Mahé is about as busy as the Seychelles gets. There’s the tiny toy-town-capital Victoria, family-run rum distilleries, botanical gardens and artist studios scattered around the mountainous interior of Morne Seychellois National Park. On this private, guided tour of the island you can take in the sights and finish at Anse Soleil, a secluded cove backed by nothing but almond trees and coconut palms.
After being collected from your hotel, you’ll begin with a walking tour of Victoria. In Sir Selwyn Selwyn-Clarke Market nutmeg and vanilla pods are piled high, alongside spiky yellow jackfruits and bilimbis (doll-sized cucumbers). You can step inside the vibrantly painted Arul Mihu Navasakthi Vinayagar, the only Hindu temple on the island as well as the (rather plain in comparison) Immaculate Conception Cathedral.
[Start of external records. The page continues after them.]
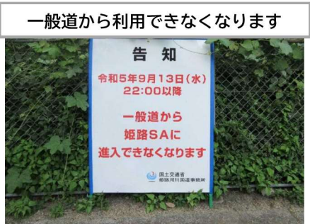
一般道から利用できなくなります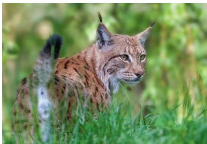
Lynx de la Réserve de la Haute-Touche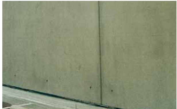
Aspecto mineral homogéneo con KEIM Concretal-Lasur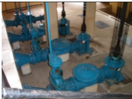
カドゥワ取水場（ポンプ交換予定地）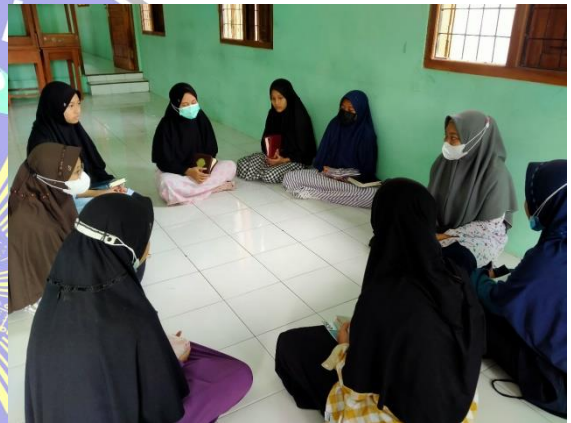
Berkumpul untuk berdo'a sebelum memulai tahfidz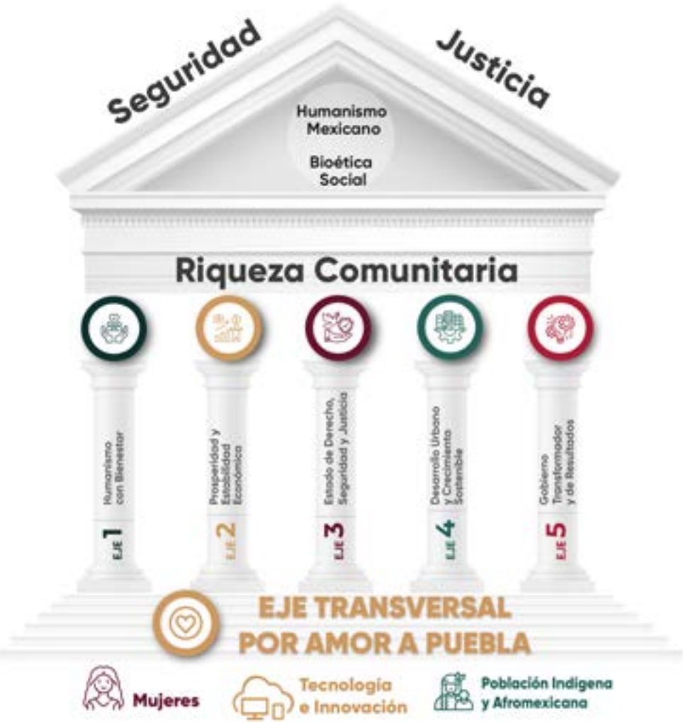
Esquema 2. Pilares de Desarrollo del Estado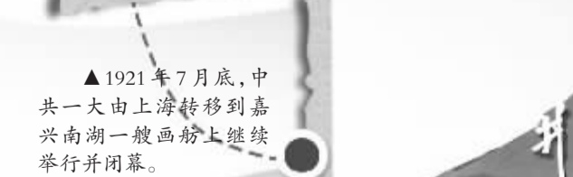
▲1921年7月底,中共一大由上海转移到嘉兴南湖一艘画舫上继续举行并闭幕。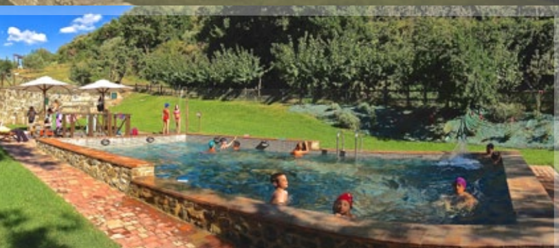
PISCINA • SCHWIMMBAD • POOL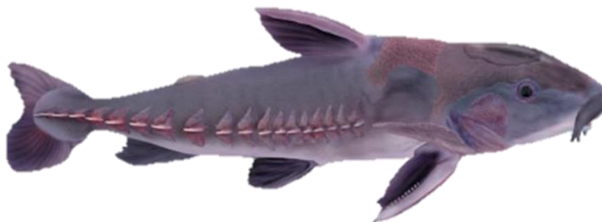
Figura 36: Oxydoras niger .

Descrição: O peixe, conhecido popularmente como cuiú-cuiú ou mucurão, é uma espécie de grande porte que pode atingir até 1,2m de comprimento e pesar 20kg. Apresenta coloração cinza-escuro uniforme, boca subinferior e lábios carnudos adaptados para sucção, além de tentáculos carnudos no céu da boca. Até recentemente, essa espécie era classificada no gênero Pseudodoras . Alimenta-se no fundo, consumindo detritos e a fauna de invertebrados aquáticos associada, principalmente larvas de insetos. Sua reprodução ocorre no início da enchente, com fecundidade em torno de 250.000 ovócitos por desova. Exemplares maduros têm sido observados a partir de 54cm de comprimento.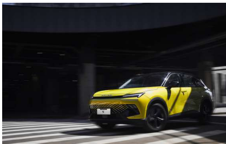
Tryby jazdy (ECO / Sport / Comfort / Smart)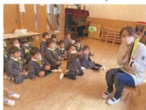
絵本を見ている 時の姿です♡ワクワク!!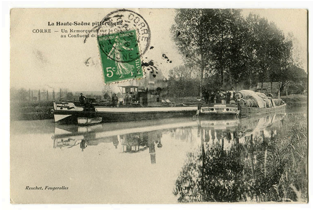
La Haute-Saône pittoresque. Un remorqueur sur le canal au confluent du Coney et de la Saône. Carte postale.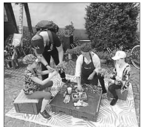
...und beim Bio-Sträuße basteln.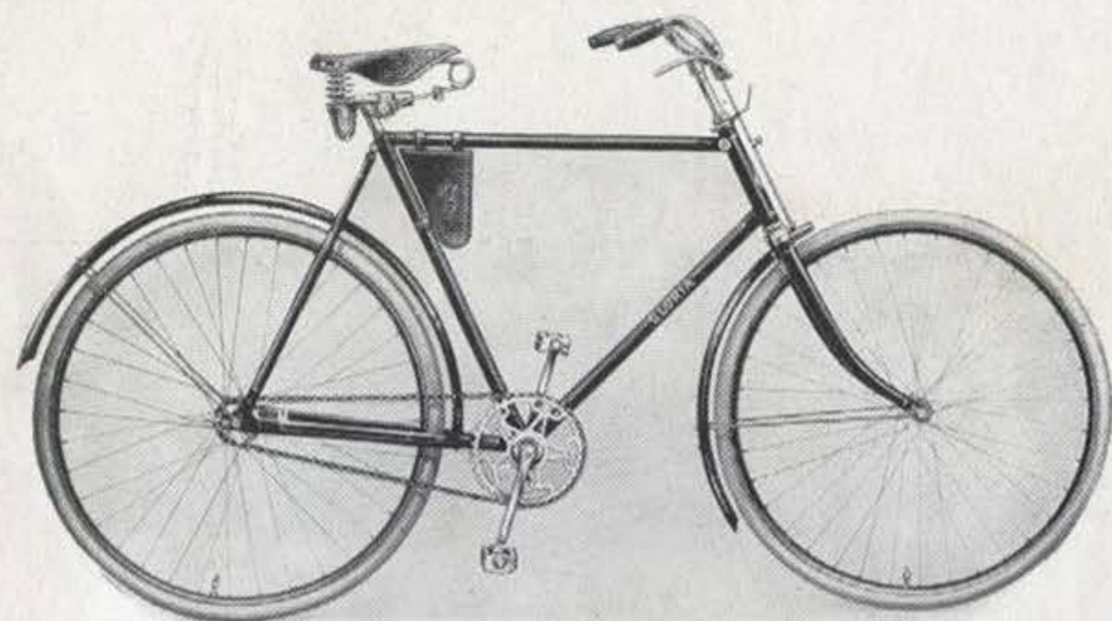
Gloria-Herren-Tourenrad die preiswerte und schnittige Gebrauchsmaschine

Rahmen Innenlötung, bestes Tauchbadverfahren, aus 1a nahtlos gezogenen Stahlrohren. Höhe bei Herren 55 oder 60 cm, bei Damen 55 cm. Emaillierung tiefschwarz, hochglänzend, mit doppelten Linien abgesetzt. Gabelkopf abgerundet, vernickelt. Lenkstange englische Form mit kurzem Vorbau und Hebelbremse. Tretlager Doppelglockenlager. Kettenrad 48 Zähne 1/2 " Teilung, Innengewinde, auf Kurbel aufgeschraubt. Kurbeln Vierkantbefestigung. Laufträder Stahlfelgen für Wulstreifen 28 \times 1\frac{1}{2} ", schwarz emailliert mit grünem Mittelstreifen und Goldlinien, auf Wunsch holzfarbig emailliert mit schwarzen Strichen. Kette 1/2 \times 1/8 ". Pedale mit Gummieinlage. Sattel mit vernickelten Druck- und Zugfedern, gelbes Leder. Werkzeugtasche gelbes Leder, mit Werkzeugschlüssel und Oelkännchen.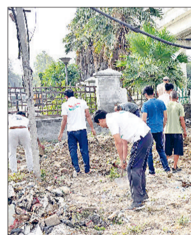
बहादुरगढ़। ग्रीन बेल्ट में श्रमदान करते पर्यावरण प्रेमी।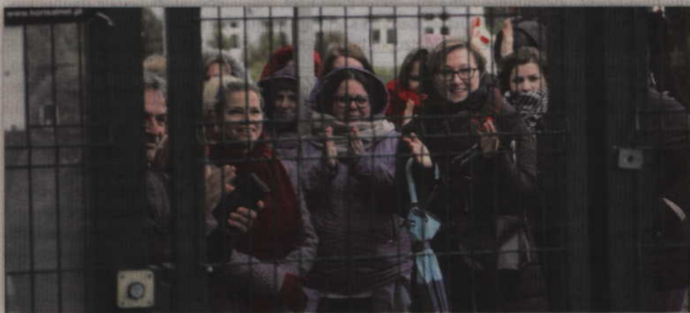
Część z protestującej załogi pojawiła się pod bramką kwidzyńskiego zakładu.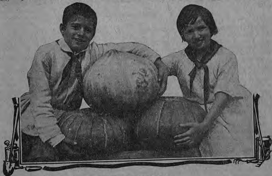
Фрукты пионерского труда

По Сычевскому уезду имеется 4 специально пионерских огорода, школьно-пионерских — 19 (всего деревенских отрядов 36). Огороды засеяны, главным образом, корнеплодами и овощами: огурцами, капустой, морковью. Зиловский отряд, Сычевск. у., посеял 30 кв. саж. огурцов, мор-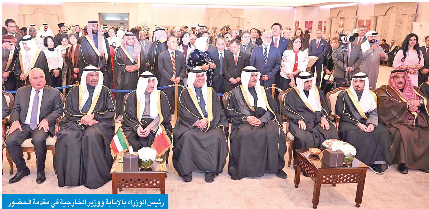
رئيس الوزراء بالإتابة ووزير الخارجية في مقدمة الحضور

● المالكي: أبوابنا مفتوحة للكويت وأهلها... والمناسبة تجسيد للولاء واستذكار لمنجزات مسيرة التنمية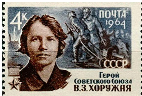
Рисунок 2 – Вера Хоружая на почтовой марке СССР, 1964 г.

В тюрьме товарищи заметили нездоровый вид девушки и сообщили об этом в ЦК КПЗБ. После переговоров 1932 года группу узников направили из Польши в СССР. Приехав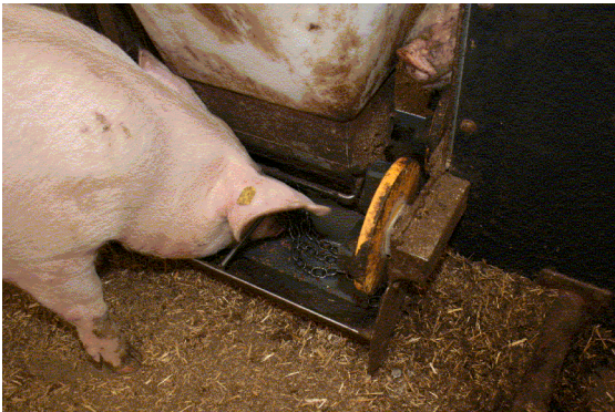
Abb. 2: Durch Beschäftigung (Drehung) mit der orangen Scheibe werden die Schweine mit einer kleinen Futtergabe „belohnt“.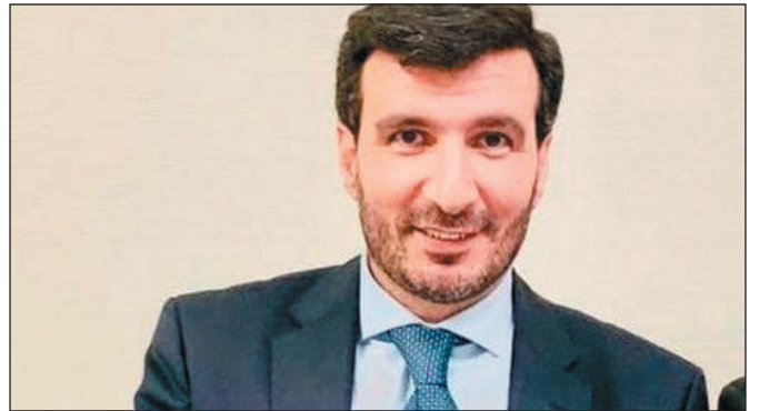
مع اقتراب موعد انطلاق الدوري الممتاز لكرة القدم، تستمر التحضيرات في محاولة لأن يكون الموسم أفضل من سابقه إن كان من النواحي الفنية أو التنظيمية، وفي هذا الإطار تبدو لجنة الانضباط والأخلاق تحت الأنظار بعد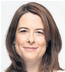
Petra Gössi, Nationalrätin (SZ) und Präsidentin FDP.Die Liberalen (bisher)

Die Delegierten haben Petra Gössi mit 267 von 283 abgegebenen Stimmen sehr deutlich wiedergewählt. Auch die anderen Kandidierenden wurden klar gewählt. Die FDP gratuliert ihnen herzlich zur Wahl und freut sich auf die Zusammenarbeit. Der Vorstand ist nun folgendermassen zusammengesetzt: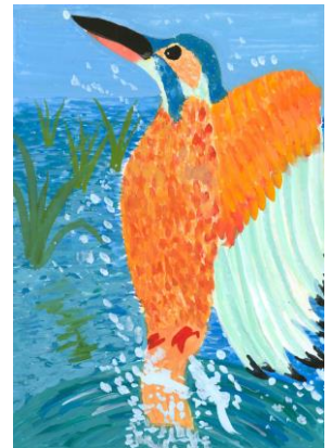
『カワセミを見たよ!!』

〜猪名川河川レンジャーからのコメント〜 川のそばには大きな草や小さな草が生えていて、きれいな猪名川にトンボがいっぱい飛んでいたんだね。川もトンボも生き生きと描かれていて、虫取り網で一生懸命トンボを追っている様子がよくわかりました。すごく楽しく、明るい絵になりましたね。楽しさが伝わってきます。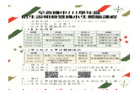
招生活動體驗課程結合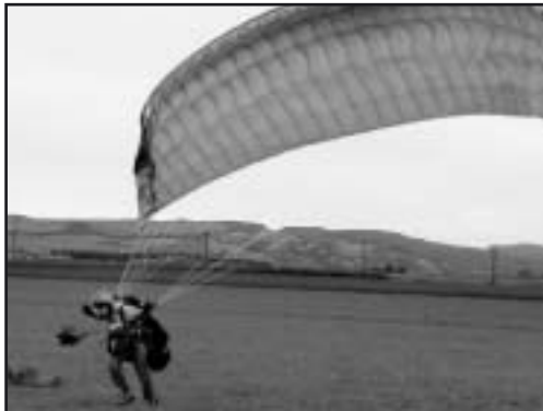
Paricia: décoller en tracté, c'est comme le vélo, ça ne s'oublie pas!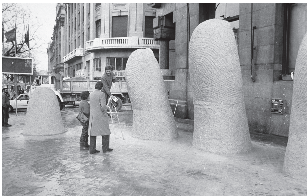
Fig. 7: fotografía de Mario Irarrázabal instalando su escultura Mano en la acera de la calle de Alcalá, frontis del Círculo de Bellas Artes de Madrid.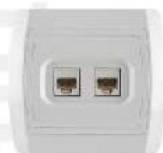
Komunikaciona priklju nica RJ45 8/8 sa dva modula Cat6 IP 20

Broj artikla: 14.01.095 Pakovanje: 7 kom.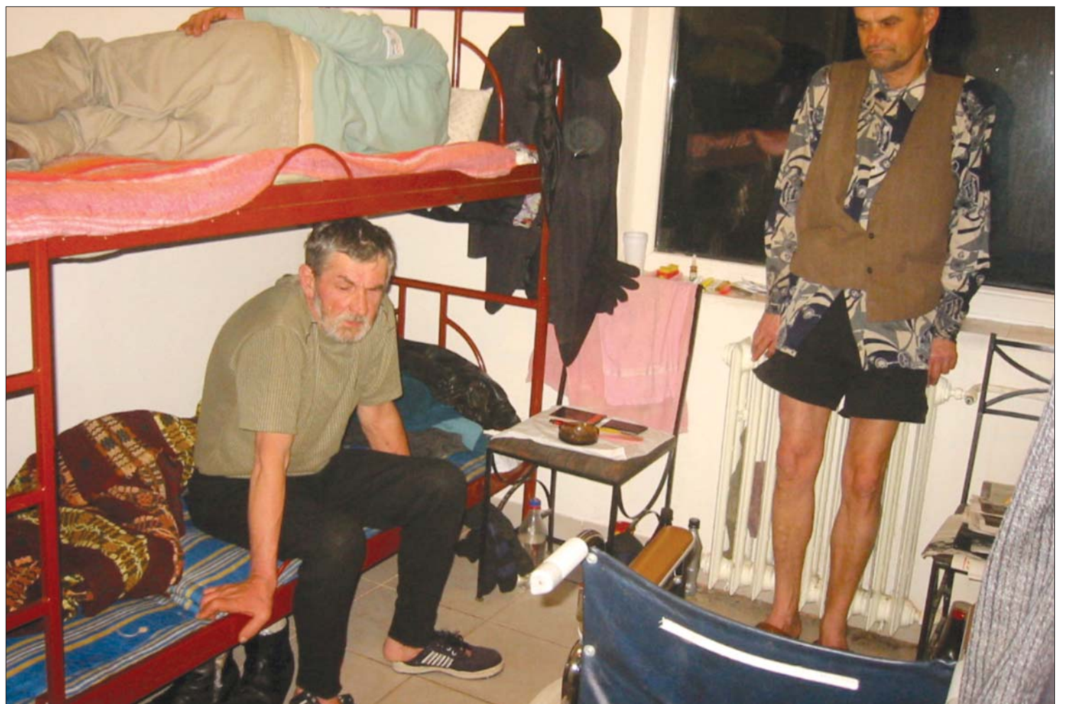
A marosvásárhelyi Rozmaring utcai átmeneti szállóban minden hely megtelt. Csecsemővel azonban amúgy sem érdemes ott próbálkozni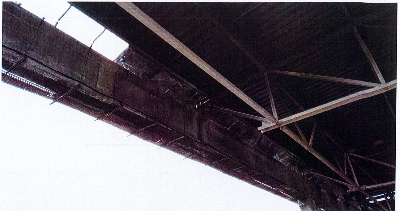
Zdjęcie 5: Belki prefabrykowane do rozbiórki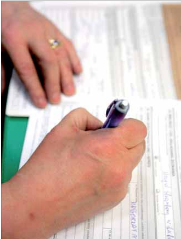
Pierwsze PIT-y już od wczoraj spływają do urzędów skarbowych

– Jeśli wypełnimy PIT-12, cedujemy tym samym rozli-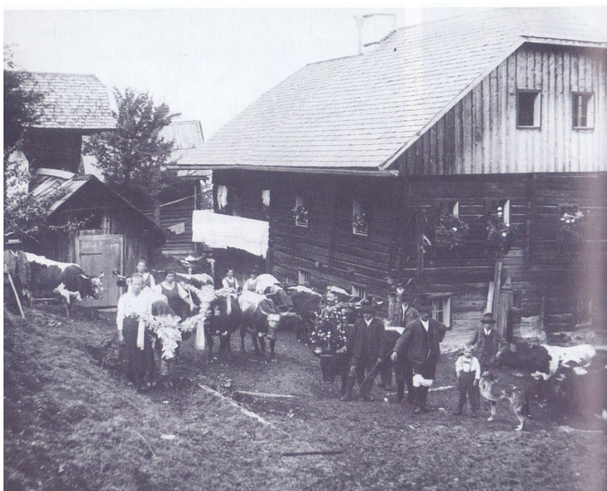
Фото 2.1.1. Альпийские пастухи и пастушки, занимавшиеся переработкой молока в масло и сыр (Senner, Sennerin), 1920 г.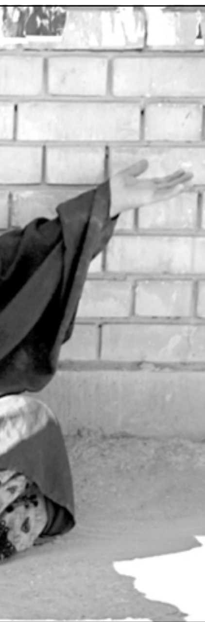
سيدة عراقية تبكي بجوار جثمانين لضحايا قصف في مدينة بعقوبة أمس (اف ب)

كانبره - يو بي آي: اعتبر رئيس الوزراء الأسترالي جون هوارد ان استقالة وزير الدفاع الأمريكي دونالد رامسفيلد لن تؤثر على الوضع في العراق. واعتبر هوارد انه «في ضوء نتائج انتخابات الكونغرس التي ليس من الواضح ان الرئيس (جورج بوش) قرر المباداة الى الاعتراف بعدم الرضا الذي يضر به البعض حيال مسار العملية في العراق». وكان هوارد يشير الى اعلان بوش يوم الأربعاء عن استقالة رامسفيلد وتعيين المدير الأسبق لوكالة المخابرات المركزية روبرت غايتس وزيراً للدفاع. واعتبر هوارد ان قرار بوش كان بمثابة «رد فعل على نتائج الانتخابات»، ولكنها لا ترقى الى مستوى التغيير الجوهري في التوجه.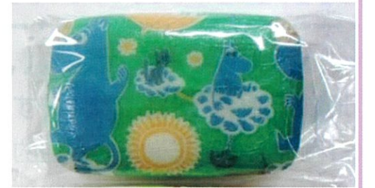
Peace 「せっけんのエコパージュ」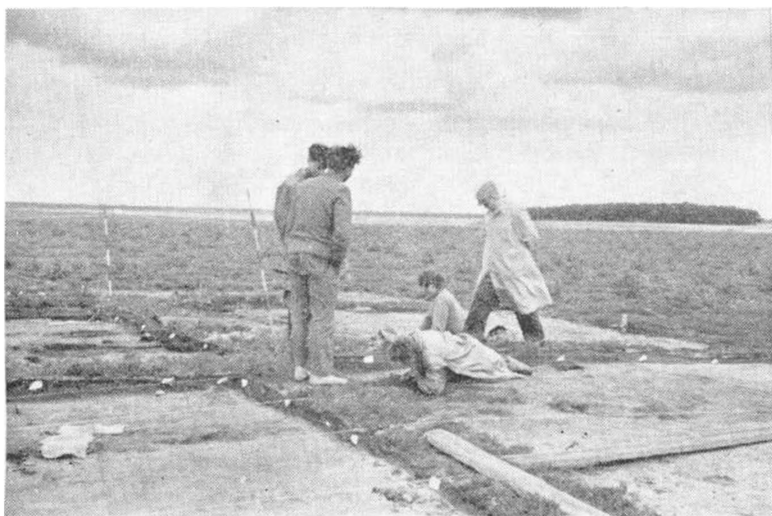
Et tyndt lag overjord er fjernet, hvorefter pillearbejdet begynder; det synes ingen ende at få. Værdigenstande kan man næppe vente at finde, men forhåbentlig nye erfaringer.

konstateret. Fire tomter er delvist afdækket, man har fundet en cirkelrund fordybning, som nok har været en brønd, den er ikke undersøgt. Hvad der særlig må interessere, er forholdet mellem boplads, byens agre og begravningsplads. Man har konstateret 7 tomter, de urørte røbes kun som svage forhøjninger i det aldeles flade terrain. Forhøjningerne hidrører fra nedstyrtede vægge, som har været af tørv eller ler. Husene har ligget i hinandens umiddelbare nærhed uden nogen øjensynlig plan, men som jernalderhuset på Hjerl hede med arnestedet i den vestlige og staldplads i den østlige ende. Et mosedrag tæt ved tomterne skal undersøges, og måske en pollenanalyse kan fortælle os noget om kornsorter og evt. skovvækst.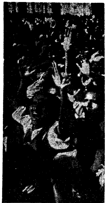
London av dag: 25 000 pakistanske km til England i løpet av de første ti måneder av 1961. Av vestindere var det 58 000.

Så uløselig er dette problem (Forts. side 5)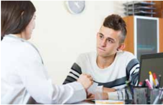
Das Gespräch mit der Schulärztin ist vertraulich.

tin hier eine erste Anlaufstelle, die manch sensibles Gesundheitsthema gegebenenfalls auch mit Eltern und LehrerInnen erörtert. Wenn beispielsweise chronische Krankheiten wie Asthma oder Allergien Einfluss auf die Unterrichtsgestaltung haben, dann wird mit den Eltern und Lehrern kooperiert. Für einen Asthmatiker etwa ist es wichtig, dass er beim Dauerlauf im Sportunterricht offiziell aussetzen kann und soll. Hier ist die Schulärztin ein vermittelnder Partner zwischen Schülern, Eltern und Lehrern.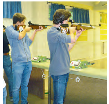
Konzentriert wurde mit dem Luftgewehr auf Glücksscheiben geschossen.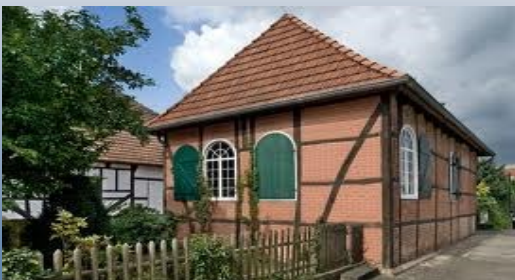
Bork: Jüdische Synagoge / Jewish Synagoge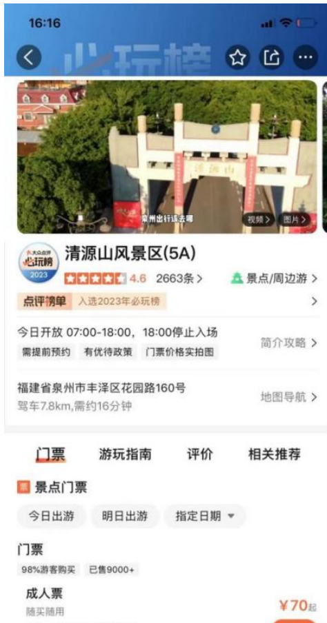
3-1: 大众点评 APP;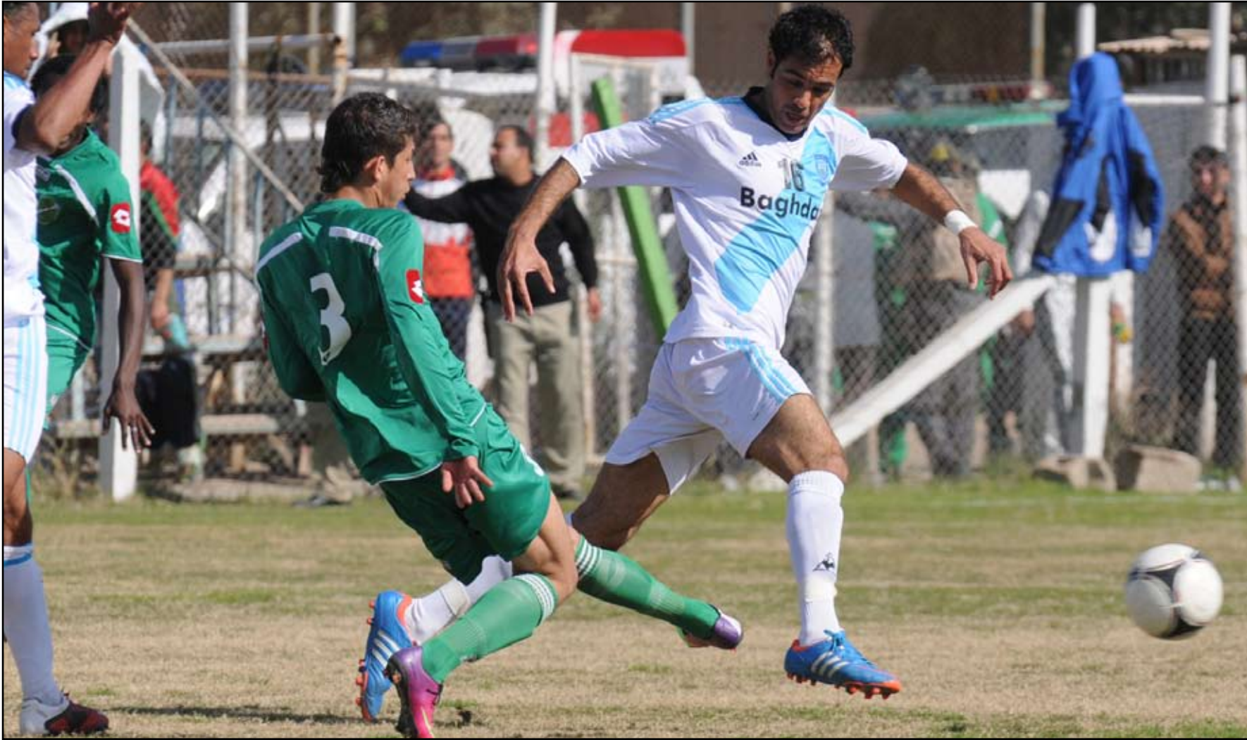
لقاء مشير يجمع الشرطة بضيافة النجف

ويخوض النفط السبت ايضا لقاء مطلباً فيه تأكيد فوزه الاخير على النجف باربعة اهداف وهو يلقي زاحو على ملعب الاخير الذي يأمل ان يستفيد من جمهوره وارضه وتخطي

On the outskirts of the city are the Seychelles National Botanical Gardens, where examples of the country’s flora are being carefully preserved, including the coco de mer palm and the rare wild vanilla orchid.
From here, you’ll drive along the twisting roads that lead into Morne Seychellois National Park, which takes up around a fifth of the island. Stopping at Mission Lodge Lookout, you can peer out across the undulating hills to the ocean below. Now a national monument, the site was once a 19th-century school for liberated African slaves.
Heading south, you’ll stop at Takamaka Rum Distillery, started in 2001 by two local brothers using their grandfather’s spiced rum recipe. Using only local sugar cane (and giving any leftovers to local farmers) they produce a range of rums including coconut, pineapple and mango. After a tour of the distillery, which is built on the site of an 18th-century plantation, you can sample a few totes.
Next door is La Plaine St Andre, a renovated plantation house that once housed copra kilns and cinnamon distilleries. It’s now a restaurant, and an ideal spot for lunch.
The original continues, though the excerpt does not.